Еремей торопливо заправил крест глубже и в упор тяжело глянул ему в глаза.
— Давай помогу, — Бегун как ни в чем не бывало поднял соль и первым пошел к двери. Дыша горячим паром в синих морозных сумерках, они уложили поклажу в легкие салазки, стоящие у крыльца рядом с широкими камусными[2] лыжами, и молча вернулись в избу: Еремей лег в комнате, отвернувшись к стене, Бегун опять сел за стол…
Потехин оглушительно храпел, раскинувшись во сне, так что откликались звоном оконные стекла. Охотники спали вповалку, не раздеваясь; на полу между кроватей валялись просыпанные из мешка деньги, пустые бутылки и дотлевшие самокрутки. Еремей бесшумно поднялся и тенью выскользнул из избы. Бегун следил за ним, не поднимая головы. Переждав время, вышел на крыльцо.
В предрассветной серой мгле охотник быстро, размашисто шагал к лесу с громадной торбой за плечами и салазками на постромках. Впереди бежала рыжая лайка, нетерпеливо оглядываясь на хозяина. Еремей увидал Бегуна на крыльце — и предостерегающе покачал головой…
Когда он скрылся из виду, Бегун закурил, зябко ежась на морозце, глядя то в медленно светающее небо, то на уходящий в тайгу лыжный след. Вернулся в душную избу, растолкал Потехина:
— Слышь, «Буран» возьму?
— Да бери чо хочешь, отвяжись только, — буркнул тот и захрапел пуще прежнего.

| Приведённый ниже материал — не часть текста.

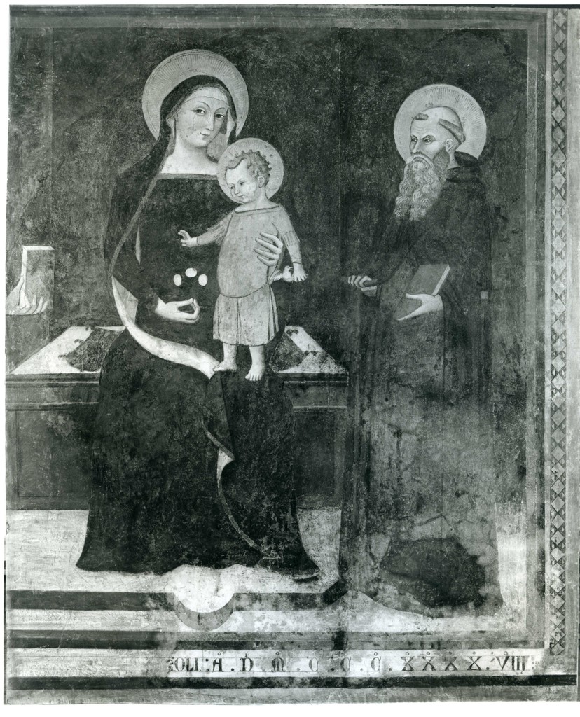 Frammento di affresco staccato, di 211 x 173 cm, raffigurante Madonna col Bambino e sant’Antonio abate. Inventario 698.

Лева успел надраться в дым. Бегун таскал его за уши, лил в лицо воду, пытался поставить на ноги, но колени у того подламывались, а голова безвольно падала на грудь. Бегун выволок его на крыльцо и погрузил в прицеп, накрыв лежащей там медвежьей шкурой. В прицепе уложены были охотничьи припасы, закупленные Потехиным в обратную дорогу, вдоль бортов стояли канистры. Бегун взвесил на руке одну, другую — полны под горло.
Он завел мотор, проехал по улице между спящих домов, провожаемый только ленивым собачьим лаем, и свернул в тайгу по Еремееву следу.
Он не смог бы внятно объяснить, почему кинулся в погоню за немым охотником. Им овладело томительное беспокойство, какое испытывает, наверное, охотничий пес, еще не взявший верный след, но уже почуявший рядом запах зверя. Такое случалось с ним, когда, пройдя деревню до околицы, он вдруг поворачивал назад, к ничем не примечательной избе, чувствуя, что здесь ждет удача.
Однажды это беспокойство заставило его остановиться у заброшенного храма в вологодской глуши и отпустить попутку. До вечера он обшаривал церковь, перерывал горы прелой картошки, сваленной перед слепым иконостасом. А когда, вконец обессилев, вышел и сел перекурить у ворот — вдруг увидел отразившуюся в мелком ручье изнанку перекинутого через канаву мостка: это была Троица сказочного мстерского письма…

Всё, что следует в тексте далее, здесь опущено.